We were all convinced that when we added Erbitux and Avastin to our chemotherapy, it would work in the adjuvant setting, which means with FOLFOX for 6 months after the successful removal of colon cancer.
But it did not work. Neither Avastin nor Erbitux showed any benefit. How is that possible?
This forces us to go back to the drawing board and get smarter and learn from these experiences. What we must assume is that when you treat with these antibodies, it does not work when you only have microscopic disease.
The reason tumors recur is because some cancer cells are left behind. Some of these cells are stem cells and can’t get killed with chemotherapy.
We have demonstrated benefit in patients with metastatic disease. When you take Avastin, tumors that are visible and big and need to grow up regulate VEGF which is bound away with Avastin. But what can Avastin do when the cancer cells are very small and don’t need VEGF to survive?

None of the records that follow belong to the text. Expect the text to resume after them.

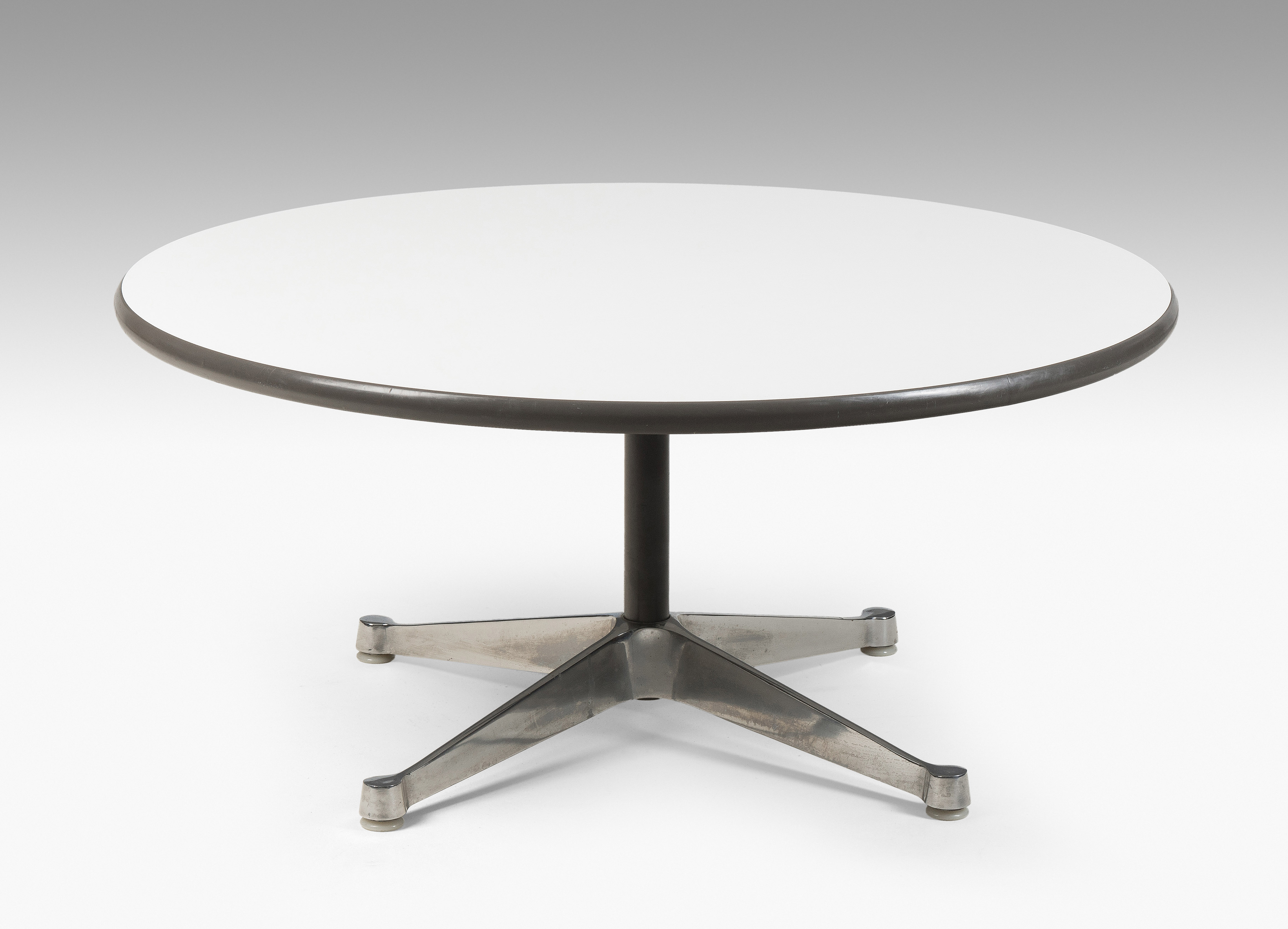 Clubtisch "Segmented Table". Entwurf 1964. Frühe Ausführung von Vitra. Verchromtes Aluminiumgestell mit 4-strahligem Fuss, runde Tischplatte. H 41cm. D 91 cm.
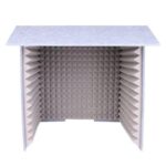 PIKNEWの簡易防音室は1人用で、60*60cmのサイズ。吸音パネルを使用し、リバーブやノイズを排除。録音や会議、放送に最適で、飛沫防止機能も備えています。グレーのフェルトボード製。
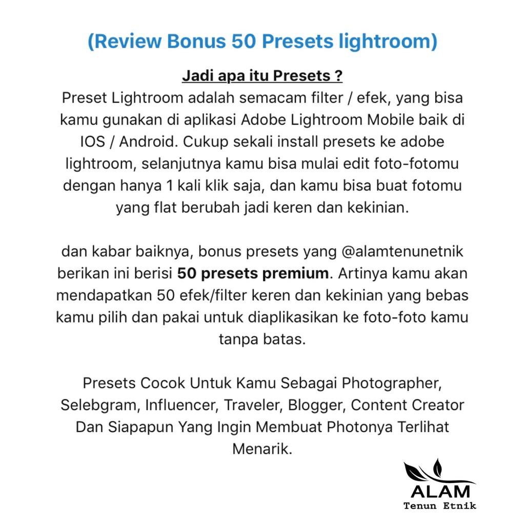 * Untuk Bonus 50 preset lightroom akan dikirim via email.

One discussion asks whether we should give adjuvant Avastin for a longer time. However there are also side effects seen when treatment with Avastin was extended to one year.

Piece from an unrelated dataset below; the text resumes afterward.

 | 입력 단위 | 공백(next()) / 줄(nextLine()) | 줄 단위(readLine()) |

Erbitux also did not work. Why not?
I don’t think we have the answers, but it forces us to think about the difference of cancer and its microenvironment between cancer which has spread and is active and cancer which only exists in the form of a few cells somewhere.
We need to develop smarter therapies and how to select the effective therapy like we have begun to do in metastatic patients. Interestingly, KRAS mutation did not help to select patients who benefitted from Erbitux in the adjuvant setting . Maybe EGFR is not the right target? These results, even through disappointing will force us and industry to rethink and use our molecular biology of cancer to come up with more effective strategies.

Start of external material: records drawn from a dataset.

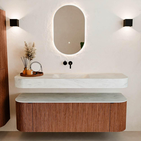 Natuurlijke materialen in warme tinten. De verticale ribbels brengen ritme en textuur in het ontwerp, terwijl het eikenhout zorgt voor een warme, ambachtelijke uitstraling. Kies uit 5 houttinten OAK, WALNUT, DUSK, SHADOW en RUBY zorgvuldig geselecteerde houtkleuren om zowel moderne als klassieke badkamers te verrijken.
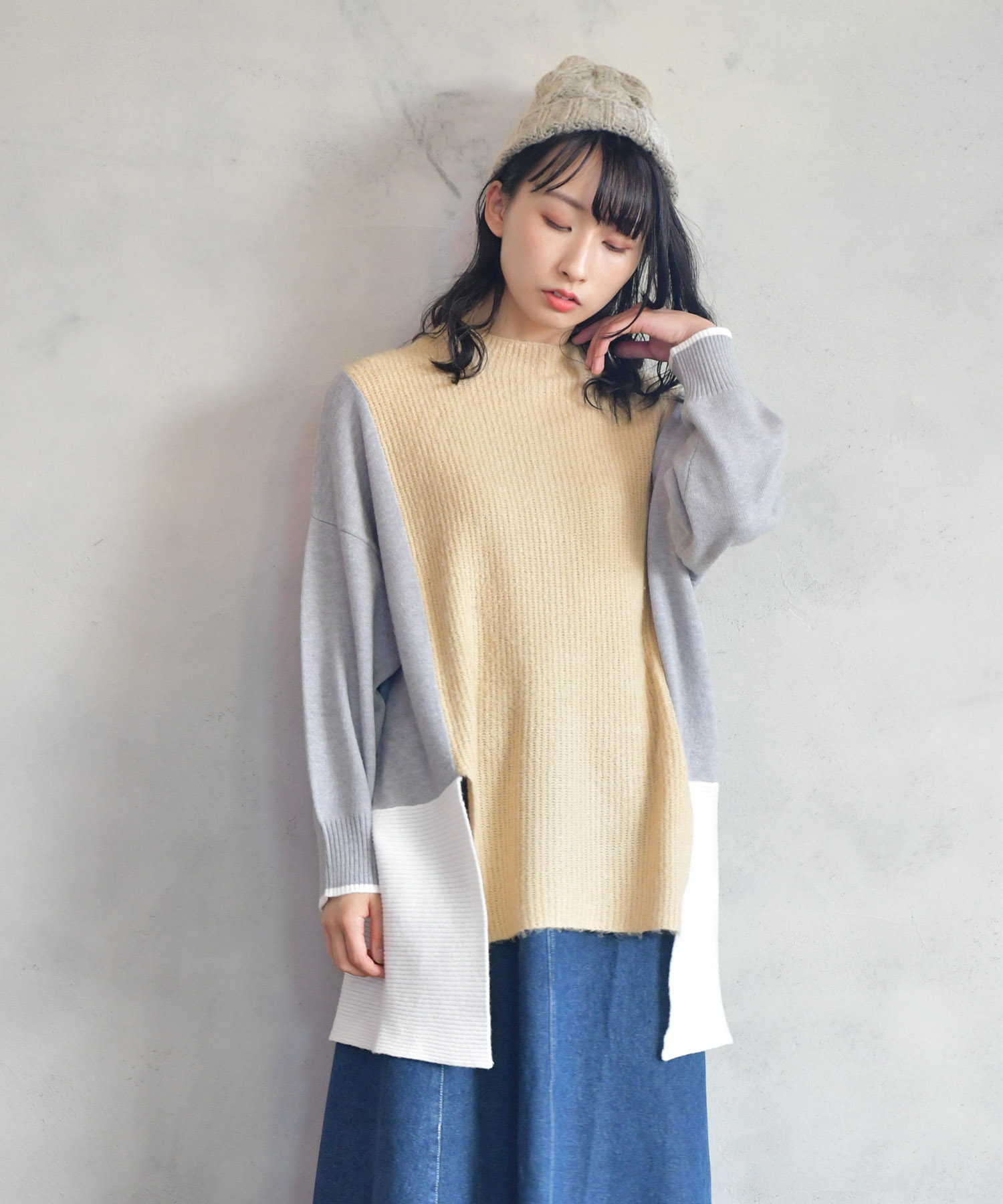 [BITTOKO] ケーブルレイヤー配色ニット
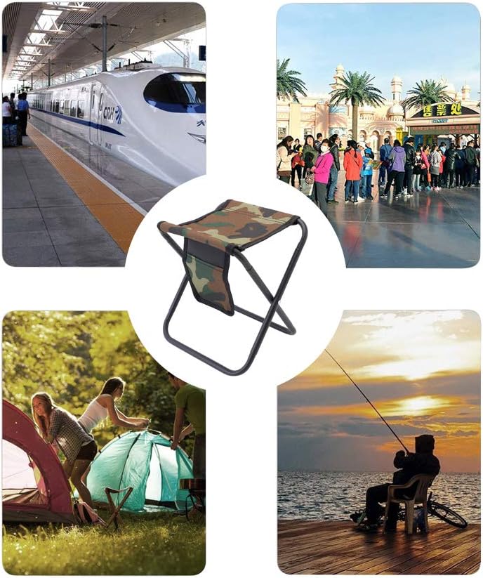 Qesonoo Mini Portable Folding Stool, Camping Fishing Stool for Adults Fishing Hiking Gardening and Beach with Carry Bag, Hold Up to 450lbs(Camouflage)
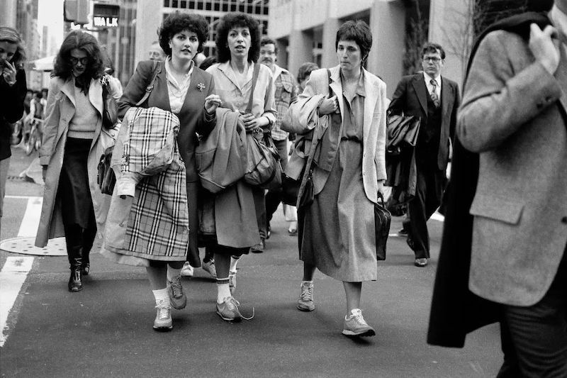 1980年交通罷工期間,女性穿著運(yùn)動(dòng)鞋步行上班,比爾·坎寧安拍攝

Also, I want to mention diet, exercise and supplements in this setting. We need to invest more resources and research to understand what else we can do to reduce cancer recurrence. There are interesting data on exercise, aspirin, vitamin D and diet rich in vegetables. We need to systematically test these possible interventions.
In addition we need to develop a complete new class of medications which attack the colon cancer stem cells, because if they are not removed, they will cause recurrence. Research is going on at USC which may be successfully address this ongoing problem.